He was there every day in the ICU for weeks and weeks standing next to his wife’s bed. Patients weren’t usually in the ICU for weeks and weeks. And if they were, it was rare to see the same family member there in vigil day after day, hour after hour, standing. He wasn’t young. But he refused a chair. He wanted to be able to see her face, to brush her long hair, hold her manicured hands. From my perspective informed by her nurses, she was just barely lingering on this side of eternity. Tubes in all kinds of places kept her alive. But he didn’t care. He saw her in their youth, dancing with him, he told me. He saw her as a mother of their young children, playing. Her hospital gown may as well have been an evening gown, in his eyes. She was his gorgeous everything. Her whole being was transfigured, dazzling, to him.

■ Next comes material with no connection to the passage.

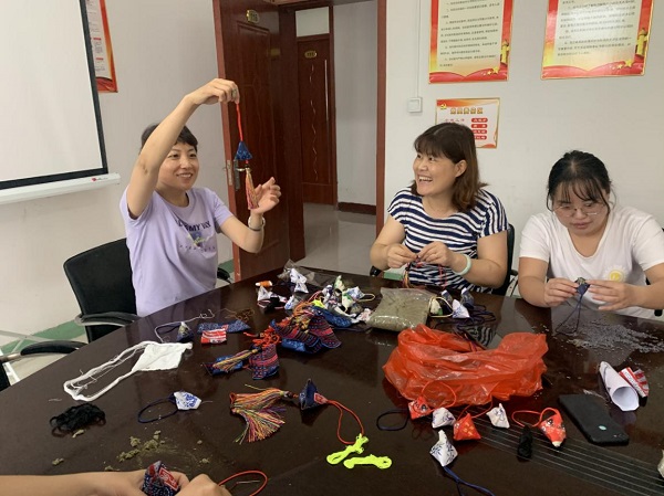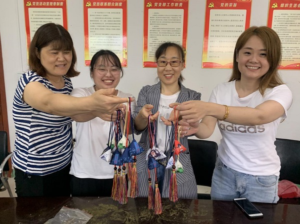在傳統(tǒng)習俗中,玲瓏可愛的各色香包也是端午節(jié)必不可少的元素。包完粽子后大家轉移陣地到了活動室,大家圍坐桌邊,面前堆放著一份份材料包,有棉布、艾草、針線、中國結流蘇。面對這個從來沒有做過的DIY,大家開始研究起來,有的用手機搜索縫制方法流程,有的直接比來比去親自摸索著縫起來。有職工說:“這有點像咱們小時候老人們縫的毽子,那個里面裝的是五谷雜糧,咱們現(xiàn)在裝的是艾草?!薄斑@香囊可以掛在辦公室或者車上,有清香、驅蚊的功效。”“我算是知道了,這個流蘇應該縫在這個邊的中間,而不是角上……”大家你一句我一句,手中的針線穿梭在棉布間,用密密的針腳縫制出傳統(tǒng)佳節(jié)最好的注解,用絲絲線線纏繞出端午安康的美滿寓意,一個個精巧可愛的三角香囊在大家的努力下完美呈現(xiàn)。

She was in her twenties. She wanted to marry her fiancé. She wanted to drive back to Mexico, her home, from New York. The medical team was losing their minds. They were convinced she didn’t understand how sick she was, that she might not make it alive through such a long drive. I was supposed to talk to her about it as a chaplain. Clearly, I was the hail Mary attempt. As I sat with her, it was obvious that stage 4 stomach cancer had done nothing to impair her judgment. If anything, she was more clear-hearted and clear-minded than anyone else around her. She knew she was dying. And quickly. She just wanted to live while she was alive. The next day, against medical advice, she left to go live every last minute she had. Her life itself, with so little time left, was transfigured into something shining bright and not to be missed, stuck in a hospital bed far from home.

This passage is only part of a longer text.